» **How to complete this task**:
Begin at the line containing "首先,刘澳同学介绍了通货膨胀" in the records below, end at the line containing "terang Kasdim 0726/Sukoharjo.", and retype each line in that span exactly. No other line and no image should appear.

» **Data shown**:
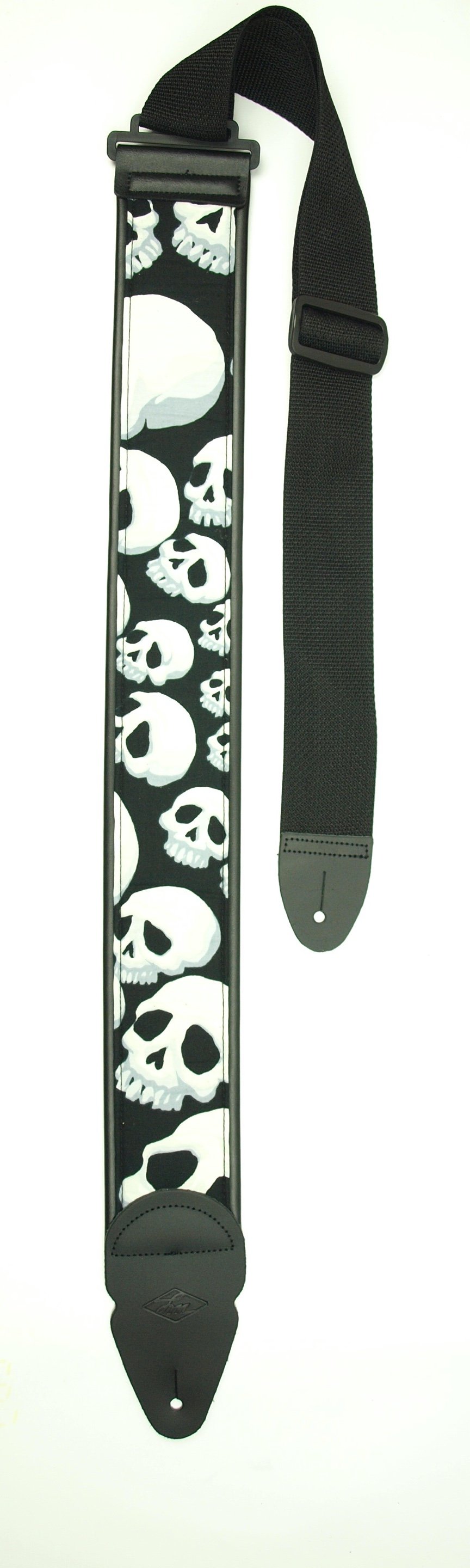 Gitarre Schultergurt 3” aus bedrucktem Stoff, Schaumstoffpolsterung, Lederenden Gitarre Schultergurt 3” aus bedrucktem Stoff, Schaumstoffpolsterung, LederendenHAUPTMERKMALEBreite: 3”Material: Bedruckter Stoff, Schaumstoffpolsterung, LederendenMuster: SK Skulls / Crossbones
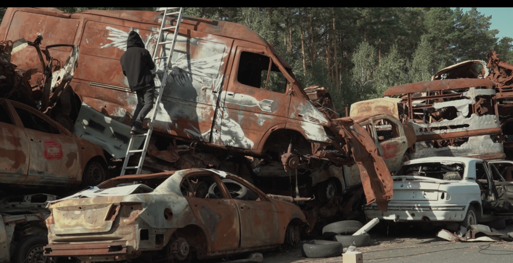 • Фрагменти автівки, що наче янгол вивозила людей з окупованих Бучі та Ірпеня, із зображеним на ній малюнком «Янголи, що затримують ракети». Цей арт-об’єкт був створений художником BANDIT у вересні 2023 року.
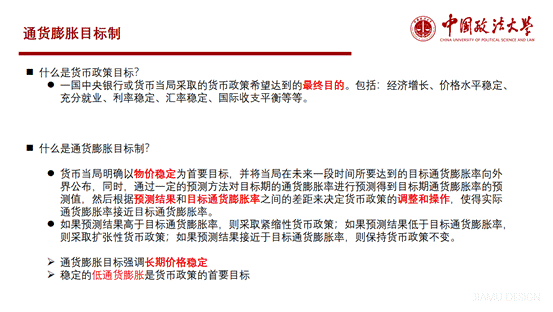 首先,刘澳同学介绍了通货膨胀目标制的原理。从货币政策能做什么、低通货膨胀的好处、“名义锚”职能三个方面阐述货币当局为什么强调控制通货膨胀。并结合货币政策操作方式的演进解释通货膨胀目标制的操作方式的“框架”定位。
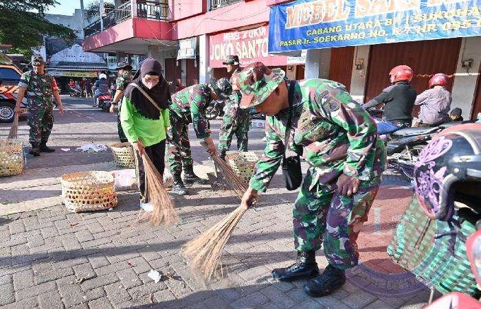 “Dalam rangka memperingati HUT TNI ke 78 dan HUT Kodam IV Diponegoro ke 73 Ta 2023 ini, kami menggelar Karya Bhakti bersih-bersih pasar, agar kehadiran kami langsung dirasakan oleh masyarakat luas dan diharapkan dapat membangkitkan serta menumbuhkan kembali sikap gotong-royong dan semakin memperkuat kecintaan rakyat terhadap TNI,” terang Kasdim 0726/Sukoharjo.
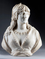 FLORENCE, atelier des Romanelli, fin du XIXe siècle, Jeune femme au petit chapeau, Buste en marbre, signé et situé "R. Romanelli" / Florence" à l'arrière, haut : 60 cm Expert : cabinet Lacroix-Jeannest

» **Problem solution**:
 首先,刘澳同学介绍了通货膨胀目标制的原理。从货币政策能做什么、低通货膨胀的好处、“名义锚”职能三个方面阐述货币当局为什么强调控制通货膨胀。并结合货币政策操作方式的演进解释通货膨胀目标制的操作方式的“框架”定位。
 “Dalam rangka memperingati HUT TNI ke 78 dan HUT Kodam IV Diponegoro ke 73 Ta 2023 ini, kami menggelar Karya Bhakti bersih-bersih pasar, agar kehadiran kami langsung dirasakan oleh masyarakat luas dan diharapkan dapat membangkitkan serta menumbuhkan kembali sikap gotong-royong dan semakin memperkuat kecintaan rakyat terhadap TNI,” terang Kasdim 0726/Sukoharjo.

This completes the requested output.